Mount Vernon 25th Septr 1798.


With all the respect which is due to your public station, and with the regard I entertain for your private character, the following representation is presented to your consideration. If in the course of it, any expression should escape me which may appear to be incompatible with either, let the purity of my intentions; the candour of my declarations; and a due respect for my own character, be received as an apology.

The subject on which I am about to address you, is not less delicate in its nature, than it is interesting to my feelings. It is the change which you have directed to be made in the relative rank of the Major Generals, which I had the honor of presenting to you, by the Secretary of War; the appointment of an Adjutant General after the first nomination was rejected; and the prepared state you are in to appoint a third, if the second should decline, without the least intimation of the matter to me.1

It would have been unavailing, after the nomination and appointment of me to the Chief command of the Armies of the United States, (without any previous consultation of my sentiments) to have observed to you the delicate situation in which I was placed by that act. It was still less expedient, to have dwelt more than I did, on my sorrow at being drawn from my retirement; where I had fondly hoped to have spent the few remaining years which might be dispensed to me, if not in profound tranquillity, at least without public responsibility.

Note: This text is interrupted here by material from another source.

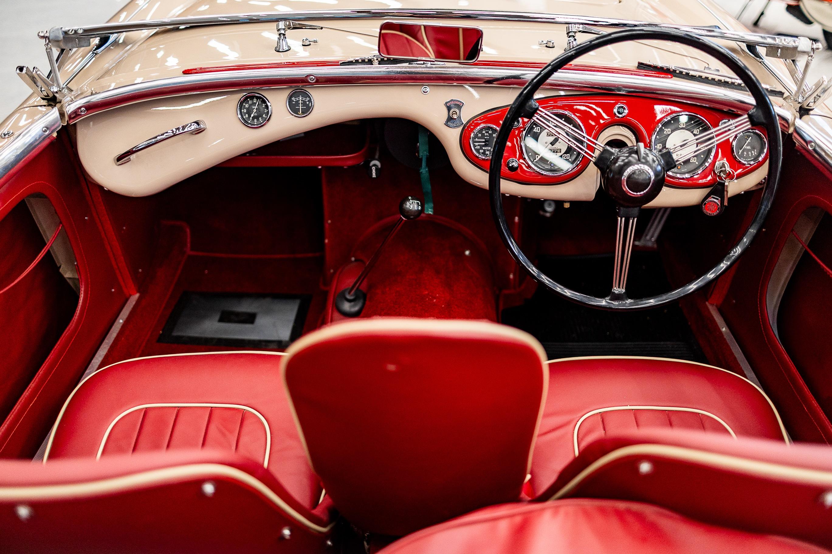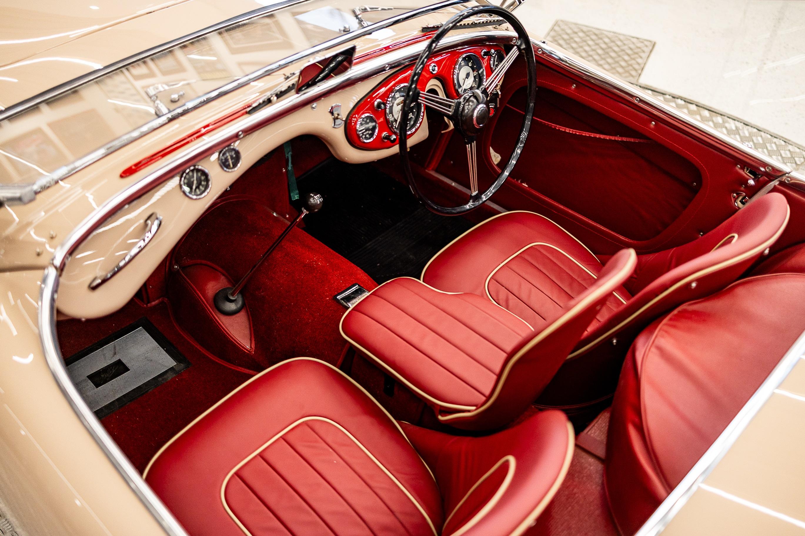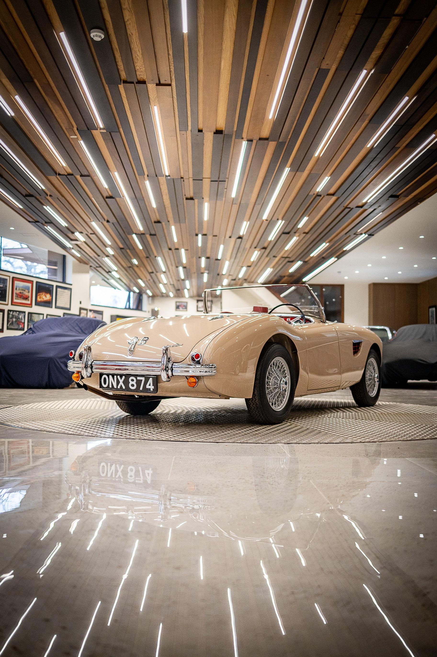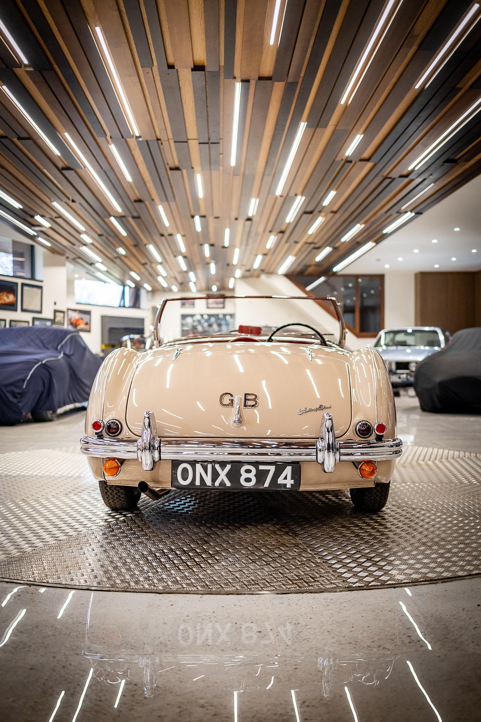 This impeccable 1954 Austin Healey presents in immaculate Coronet Cream coachwork with a contrasting red leather interior. The car had been off the road for several years before work was undertaken by a well-respected marque specialist who was well known in Healey circles as both a leading authority and restorer of several concourse winning examples. This handsome example benefitted from a meticulous and complete ground up restoration back to original specification including a bare metal respray and full retrimming. It is easy to see that no expense was spared in the work completed on this car. The shut lines and panel gaps are of an award-winning standard. It is believed this car was a works car as the number plate ONX was used by the Healey Motor Co for their test cars, the small child seat and the air intakes on the wings indicate an experimental car possibly. Consigned by Dominic Lake

But if you had been pleased, previously to the nomination, to have enquired into the train of my thoughts upon the occasion, I would have told you with the frankness & candour which I hope will ever mark my character, on what terms I would have consented to the nomination; you would then have been enabled to decide whether they were admissible, or not.

This opportunity was not afforded before I was brought to public view. To declare them afterwards, was all I could do; and this I did, in explicit language, to the Secretary of War, when he honoured me with your letter of the 7th of July; shewed me his powers; and presented the Commission. They were, that the General Officers, and General staff of the Army should not be appointed without my concurrence. I extended my stipulations no farther, but offered to give every information, and render every service in my power in selecting good officers for the Regiments.2

It would be tedious to go into all the details which led to this determination; but before I conclude my letter, I shall take the liberty of troubling you with some of them. Previously to the doing of which, however, let me declare, and I do declare, in the most unequivocal manner, that I had nothing more in view in making this stipulation, than to insure the most eligable characters for these highly responsible offices; conceiving that my opportunities, both in the Civil & Military administration of the Affairs of this Country, had enabled me to form as correct an opinion of them as any other could do.

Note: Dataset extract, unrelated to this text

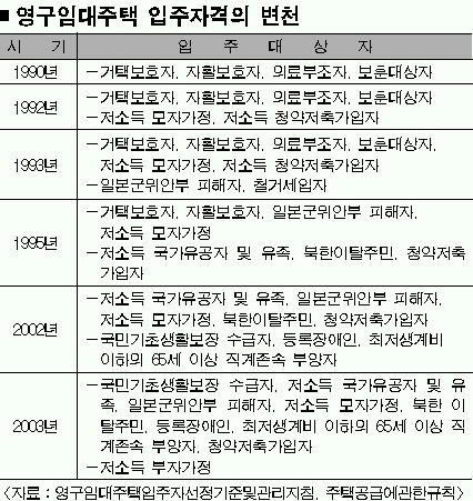현재 영구임대주택 입주대상자는 크게 국민기초생활보장 수급자, 저소득 국가유공자, 저소득 모자·부자가정 등 소득 및 재산기준에 따라 선정된 법정영세민과, 소득 및 재산기준과는 상관없는 등록장애인·청약저축가입자 등이다. 영구임대주택 프로그램 도입 당시만 하더라도 일정 소득 및 재산기준에 미달한 거택보호자, 자활보호자, 의료부조자, 보훈대상자만을 대상으로 하였다. 하지만 정책대상자 중에 주거비의 추가부담문제, 생업문제, 자녀의 교육문제 등으로 영구임대주택에 입주하는 것을 꺼리는 가구가 늘어나자 ‘영구임대주택입주자선정기준및관리지침’의 개정을 통해 1992년에 저소득 청약저축가입자,1993년에 철거세입자도 입주할 수 있도록 하였다. 그리고 ‘주택공급에관한규칙’을 개정하면서 1995년부터 모든 청약저축가입자,2002년부터 등록장애인도 입주가 가능하게 되었다.

Neither the Secretary of War, nor myself, entertained any doubt, from your letters to me, and Instructions to him, that this was the meaning and object of his Mission. Unwilling, however, to let a matter of such serious importance to myself remain upon uncertain ground, I requested that Gentleman to declare this in his official letter to you (supposing, as was the case, that the one I should have the honor of writing to you, might be laid before the Public, and that to incumber it with stipulations of that sort, would be improper). Nay more, as the acceptance was conditional, & you might, or might not be disposed to accede to the terms, I requested him to take the Commission back, to be annulled, or restored, according to your conception of the propriety, or impropriety of them. His remark upon this occasion was, that it was unnecessary, inasmuch as, if you did not incline to accept my services upon the conditions they were offered, you would be under the necessity of declaring it; whilst, on the other hand, silence must be construed into acquiescence. This consideration, and believing that the latter mode would be most respectful, as the other might imply distrust of your intentions, arrested that measure.

This, Sir, is a true, candid & impartial statement of facts. It was the ground on which I accepted and retained the Commission; and was the authority on which I proceeded to the arrangement that was presented to you by the Secretary of War.

Having no idea that the General Officers for the Provisional army would be nominated at that time they were, I had not even contemplated characters for those appointments.3

I will now, respectfully ask, in what manner these stipulations on my part, have been complied with?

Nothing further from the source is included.